Saturday, November 17, 2012

Unit 1 - Harvard Model

In 1985, Richard Walton published an article in the Harvard Business Review called ‘From Control to Commitment in the Workplace’, which popularised soft HRM as a distinctive approach to managing human resources. His argument was that effective HRM depends not on strategies for controlling employees but on strategies for winning employees’ commitment.

The Harvard model proposes that many of the diverse personnel and labour relations activities can be dealt with under four human resource (HR) categories: employee influence, human resource flow, reward systems and work systems. These are general issues that managers must attend to regardless of whether the organisation is unionised or not, whatever management style is applied, and whether it is a growing or declining business.
Employee influence
Employee influence is the question of how much responsibility, authority, and power is voluntarily delegated by management and to whom. One of the critical questions here is, if management share their influence, to what extent does this create compatibility (the word the authors used is ‘congruence’) of interests between management and groups of employees? The assumption the authors make is that any influence employees have should be compatible with management’s purpose and priorities.

Human resource flow
Human resource flow concerns managing the flow of people into, through, and out of the organisation. This means making decisions on recruitment and selection, promotion, termination of employment, and related issues of job security, career development, advancement, and fair treatment. Managers and personnel specialists, according to the Harvard model, must work together to ensure that the organisation has an appropriate flow of people to meet its strategic requirements.

Reward systems
Reward systems regulate how employees are extrinsically and intrinsically rewarded for their work. Extrinsic rewards are tangible pay and benefits: pay, overtime pay, bonuses, profit sharing, pensions, holiday entitlement, health insurance; and other benefits, such as flexible working hours. Intrinsic rewards are intangible benefits and are said to strongly influence employees’ motivation, job satisfaction, and organisational commitment. Intrinsic rewards are rewards from the work itself, such as sense of purpose, achievement, challenge, involvement, self-confidence, self-esteem, and satisfaction. The Harvard model recommends that employees should be highly involved in the design of an organisation’s reward systems but observes that final decisions, besides meeting employees’ needs, must be consistent with the overall business strategy, management philosophy, and other HRM policies.

Work systems
Work systems are the ways in which people, information, activities, and technology are arranged, at all levels of the organisation, so that work can be performed efficiently and effectively.

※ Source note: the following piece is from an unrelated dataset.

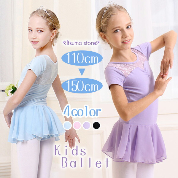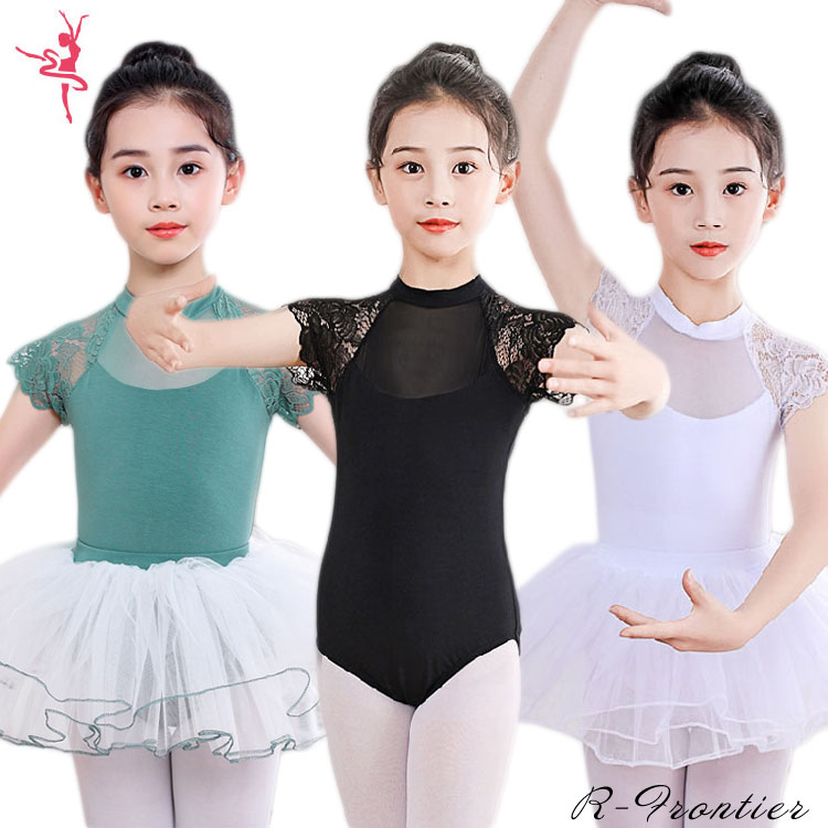 バレエ レオタード 子供 ジュニア セット スカート付き レース 黒 半袖 ジュニア コットン 綿 ストレッチ 伸縮 練習 レッスン着 新体操 水色 ブラック 黒 ピンク 公演 演出用 100 1
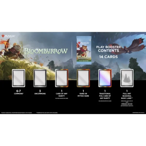 Magic the Gathering: Bloomburrow – Play Booster zawiera 14 losowych kart:

Policies in these four areas must be designed and applied in a coherent manner because, Beer and his co-authors argue, HRM is considerably less likely to be effective where policies are disjointed, made up of odd combinations of past practices, and are ad hoc responses to outside pressures. The four policy areas must satisfy the many stakeholders of the enterprise – for example, shareholders, employees, customers, suppliers, communities, trade unions, trade associations, and government. Employees are major stakeholders of the enterprise and it is the responsibility of managers to establish systems that promote employee influence. Some people would say that managers do not consider enough how to facilitate employee influence: indeed, Beer et al. claim that, of the four issues discussed, employee influence is the central feature of an HR system, as illustrated in the triangle in Figure 2.2.

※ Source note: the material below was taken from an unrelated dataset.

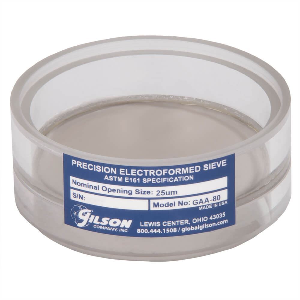 3in (76mm) diameter Precision Electroformed Acrylic Frame Test Sieve has ASTM E161 electroformed material with 5µm openings and an acrylic frame. The overall height is 1.46in (37.1mm) and the stacked height is 1.38in (35.1mm).

A further recommendation of the Harvard model is that, when making HRM policy decisions, managers should consider the ‘four Cs’: commitment, competence, congruence (compatibility), and cost-effectiveness. That is, managers should ask to what extent the policies they implement will: enhance the commitment of people to their work and the organisations; attract, retain, and develop people with the needed competence; sustain congruence (compatibility) between management and employees; and be cost-effective in terms of wages, employee turnover, and risk of employee dissatisfaction.

The Harvard model is ‘soft’ HRM because it concentrates attention on outcomes for people, especially their well-being and organisational commitment. It does not rank business performance or one of the stakeholder interests – for example, shareholders – as being inherently superior to other legitimate interests, such as the community or unions. Organisational effectiveness is represented in the Harvard model as a critical long-term consequence of HR outcomes, but alongside the equally important consequences of individual and societal well-being. An organisation putting this model into practice would therefore aim to ensure that its employees were involved in their work and were able to participate in decision making. HRM policies would be developed and implemented to meet employees’ needs for influence, but within the limitation of having to be consistent with the overall business strategy and management philosophy.